WHAT YOU WILL DO: Images excluded, return every record exactly as it reads.

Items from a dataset

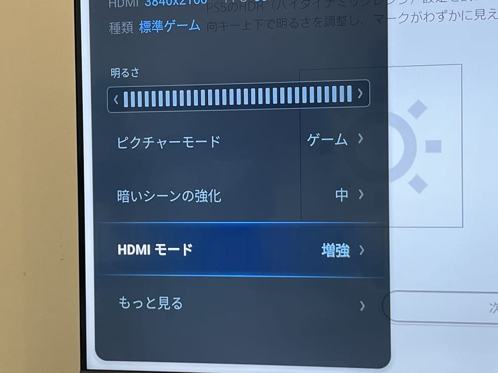 ゲームプレイ中は、先述した設定画面のピクチャーモードの欄に「ゲーム」の項目が追加される。
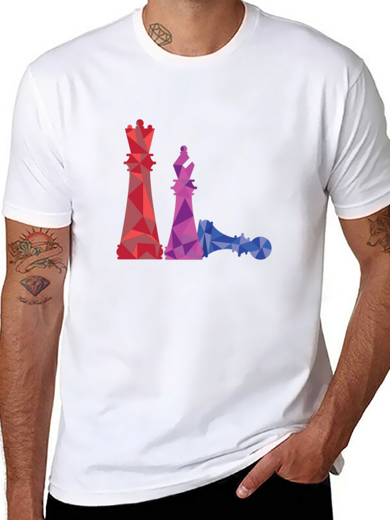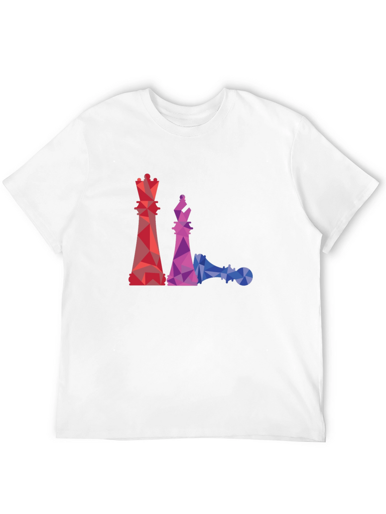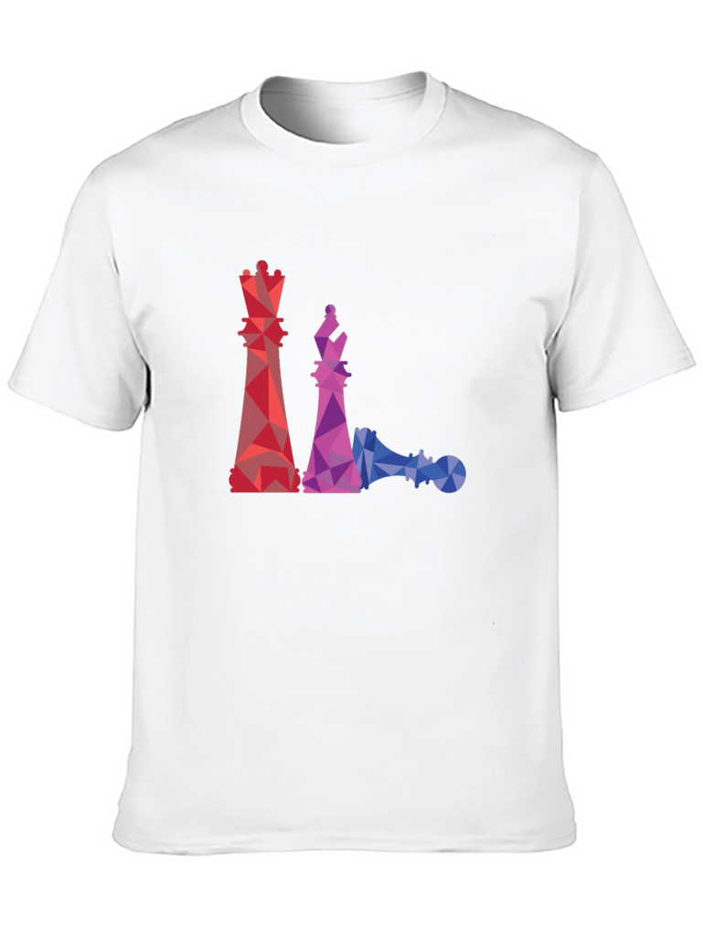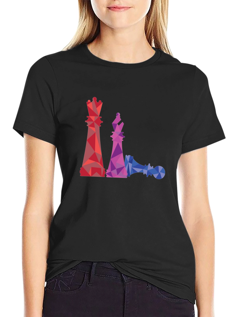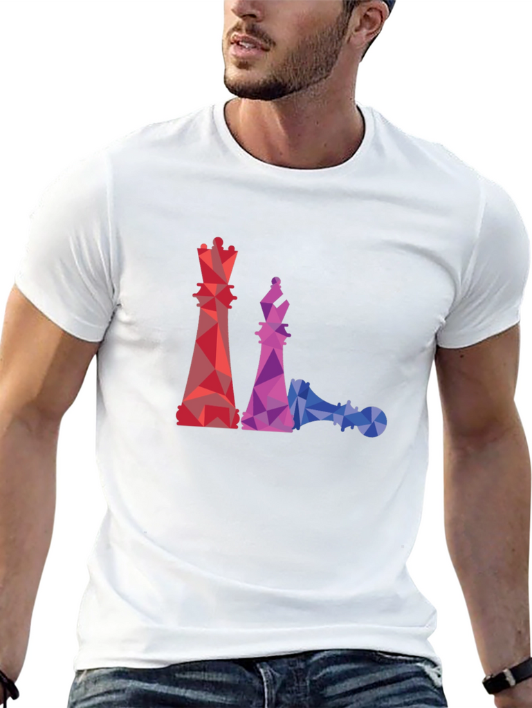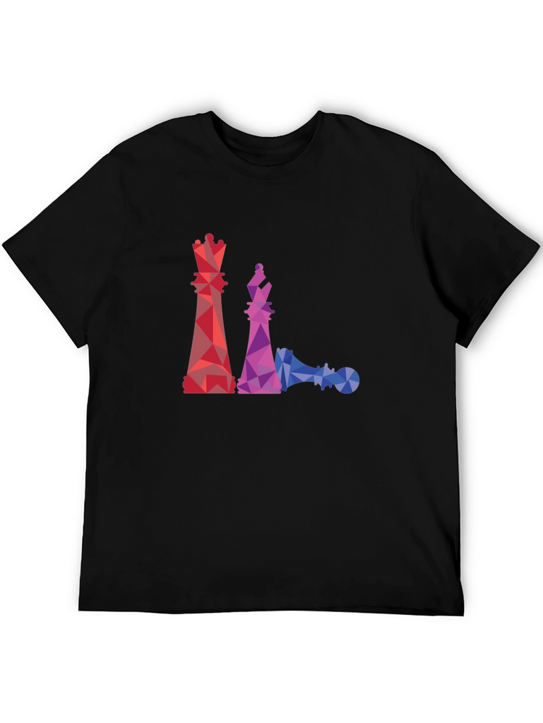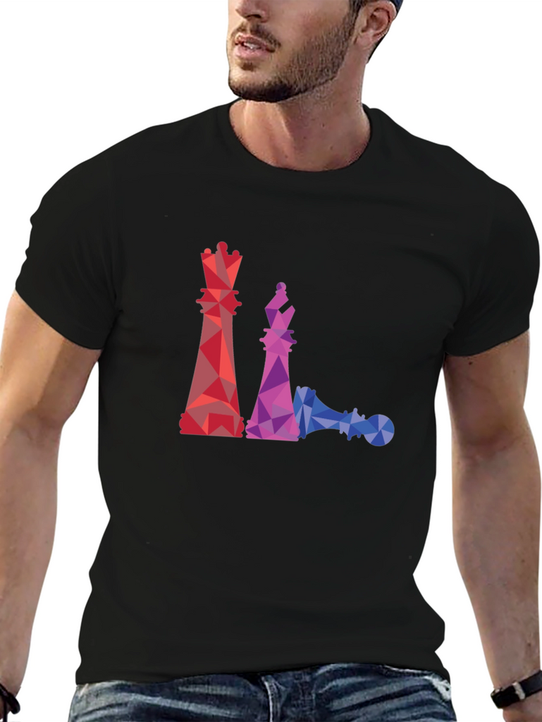 This black t-shirt features a striking geometric design of chess pieces, including a queen, bishop, and a fallen pawn. The graphics are rendered in a vibrant, colorful polygonal style, with red, purple, and blue hues creating a modern and eye-catching look. Made from a comfortable material, this tee is perfect for casual wear and showcasing your love for the game of chess. Pair it with jeans or shorts for a relaxed yet stylish outfit. A unique and artistic piece that's sure to spark conversation!
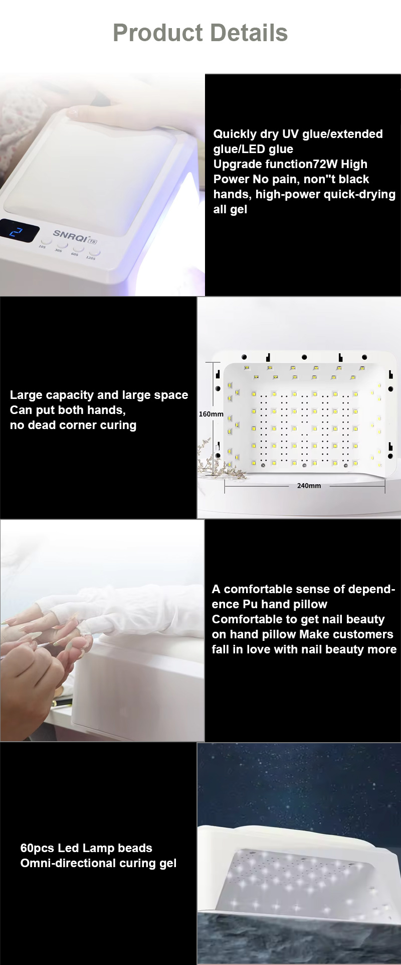 Izdelek zagotavlja enakomerno sušenje lepila brez krčenja. Njena dvojna vira svetlobe zagotavljata nežno ogrevanje, da preprečita razbarvanje rok in obremenitev oči, primerna za roke in noge, kar zagotavlja izjemno hitre rezultate sušenja.
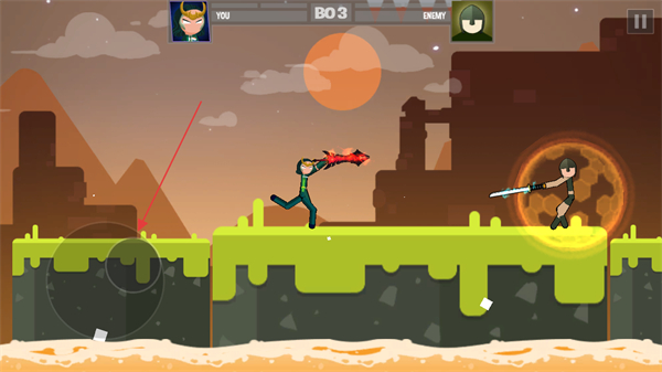 1、在场景中操控蜘蛛火柴人移动,利用武器与敌方火柴人战斗,注意走位躲避攻击。
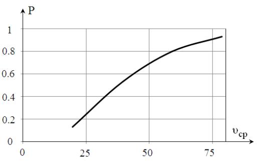 По предложенной методике была получена зависимость вероятности сбоя P от концентрации частиц пыли на контактных поверхностях νc (количества частиц пыли на 1 мм2 контактной поверхности). Сбой фиксировался по величине переходного сопротивления. Если переходное сопротивление превышало номинальное значение в два и более раз, то условно фиксировался сбой. Расчеты выполнялись методом статистических испытаний. При этом случайными величинами принимались диаметры частиц пыли, координаты расположения пылинок и высоты микровыступов. Результаты расчета приведены на рис.5.
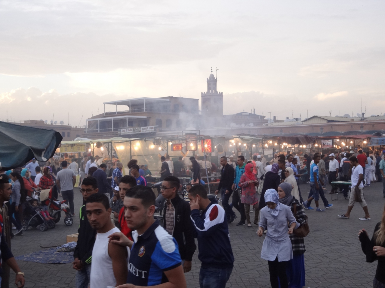 マラケシュと言えばフナ広場。夜は屋台がたくさん出ますが広間はオレンジジュースの屋台とお土産屋さん。オレンジジュースは4DHでしぼりたてが飲めます。
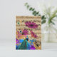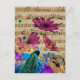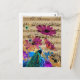 Un beau paon turquoise et bleu trône sur des fleurs violettes et bleues, agrémenté d'un arrière - plan tanné.
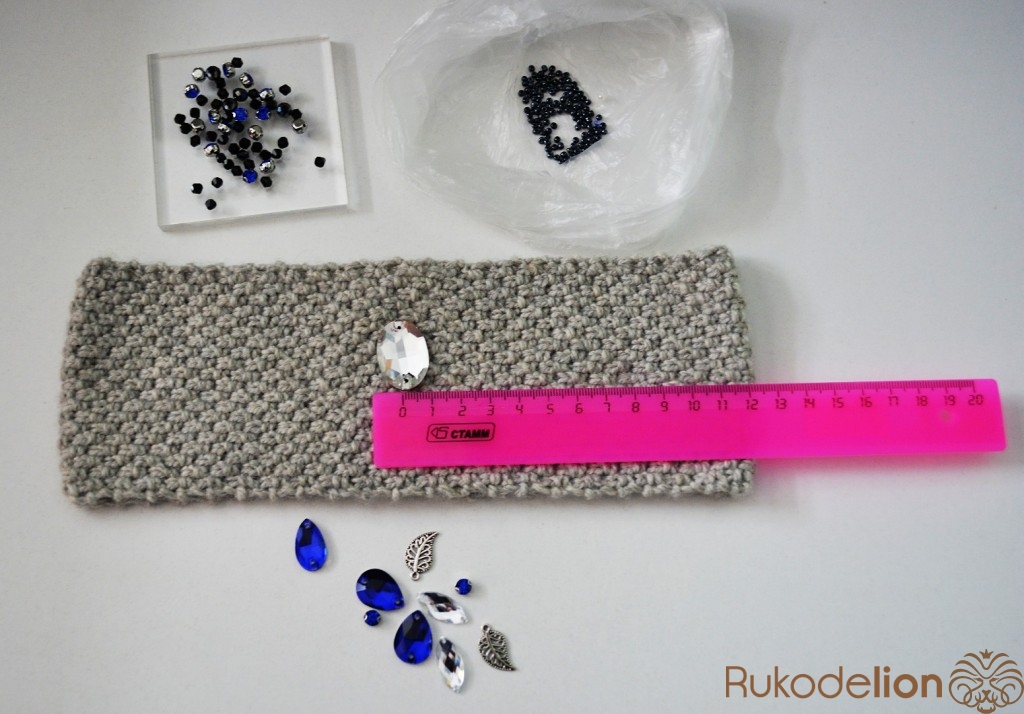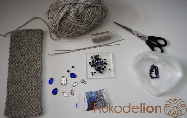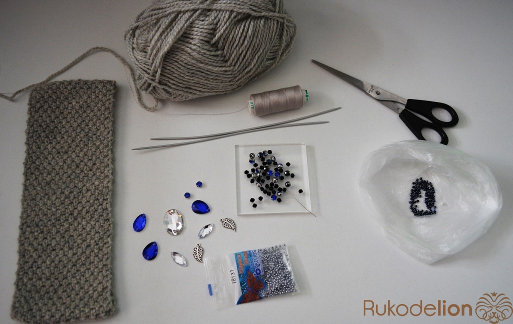 Для такой повязки понадобится пряжа (на ваш вкус и цвет), стразы разных цветов и размеров, бусинки, бисер, иголка и нить, иглы для вязания.
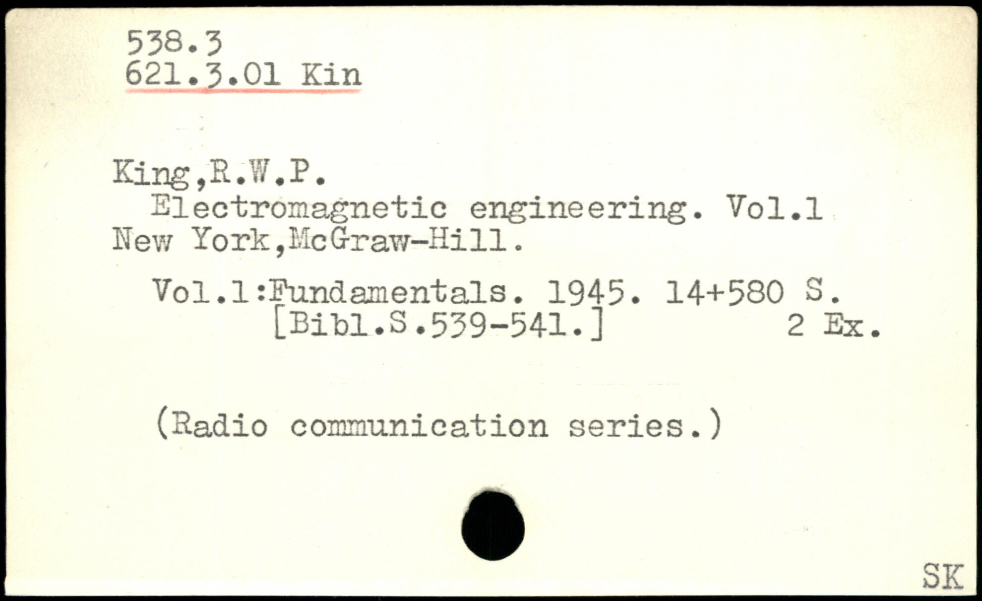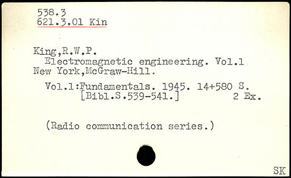 Electromagnetic engineering. Vo1.1 Hew York,MeG-raw-Hill. Vol.l:Eundamentals. 1945.
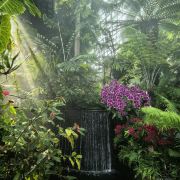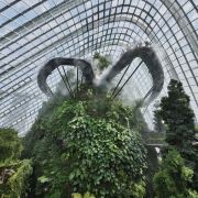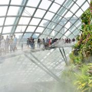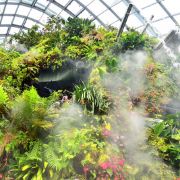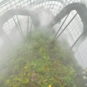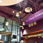 云雾林模拟了海拔 1,000 米至 3,500 米的热带山地地区和全球其他高海拔地区凉爽潮湿的气候。走进场馆,引入眼帘的便是高达35米的人造山和30米高的瀑布。山上种满了茂密的树木,满目绿意,让人神清气爽。访客可以乘坐电梯直达顶楼,再通过空中步道 (云雾廊)缓缓走下来,俯瞰山下的“”,自由地出入9个不同的区域,欣赏来自热带山地地区的各种植物,其中不乏珍稀草木花卉。

RESPONSE:
 ゲームプレイ中は、先述した設定画面のピクチャーモードの欄に「ゲーム」の項目が追加される。
 This black t-shirt features a striking geometric design of chess pieces, including a queen, bishop, and a fallen pawn. The graphics are rendered in a vibrant, colorful polygonal style, with red, purple, and blue hues creating a modern and eye-catching look. Made from a comfortable material, this tee is perfect for casual wear and showcasing your love for the game of chess. Pair it with jeans or shorts for a relaxed yet stylish outfit. A unique and artistic piece that's sure to spark conversation!
 Izdelek zagotavlja enakomerno sušenje lepila brez krčenja. Njena dvojna vira svetlobe zagotavljata nežno ogrevanje, da preprečita razbarvanje rok in obremenitev oči, primerna za roke in noge, kar zagotavlja izjemno hitre rezultate sušenja.
 1、在场景中操控蜘蛛火柴人移动,利用武器与敌方火柴人战斗,注意走位躲避攻击。
 По предложенной методике была получена зависимость вероятности сбоя P от концентрации частиц пыли на контактных поверхностях νc (количества частиц пыли на 1 мм2 контактной поверхности). Сбой фиксировался по величине переходного сопротивления. Если переходное сопротивление превышало номинальное значение в два и более раз, то условно фиксировался сбой. Расчеты выполнялись методом статистических испытаний. При этом случайными величинами принимались диаметры частиц пыли, координаты расположения пылинок и высоты микровыступов. Результаты расчета приведены на рис.5.
 マラケシュと言えばフナ広場。夜は屋台がたくさん出ますが広間はオレンジジュースの屋台とお土産屋さん。オレンジジュースは4DHでしぼりたてが飲めます。
 Un beau paon turquoise et bleu trône sur des fleurs violettes et bleues, agrémenté d'un arrière - plan tanné.
 Для такой повязки понадобится пряжа (на ваш вкус и цвет), стразы разных цветов и размеров, бусинки, бисер, иголка и нить, иглы для вязания.
 Electromagnetic engineering. Vo1.1 Hew York,MeG-raw-Hill. Vol.l:Eundamentals. 1945.
 云雾林模拟了海拔 1,000 米至 3,500 米的热带山地地区和全球其他高海拔地区凉爽潮湿的气候。走进场馆,引入眼帘的便是高达35米的人造山和30米高的瀑布。山上种满了茂密的树木,满目绿意,让人神清气爽。访客可以乘坐电梯直达顶楼,再通过空中步道 (云雾廊)缓缓走下来,俯瞰山下的“”,自由地出入9个不同的区域,欣赏来自热带山地地区的各种植物,其中不乏珍稀草木花卉。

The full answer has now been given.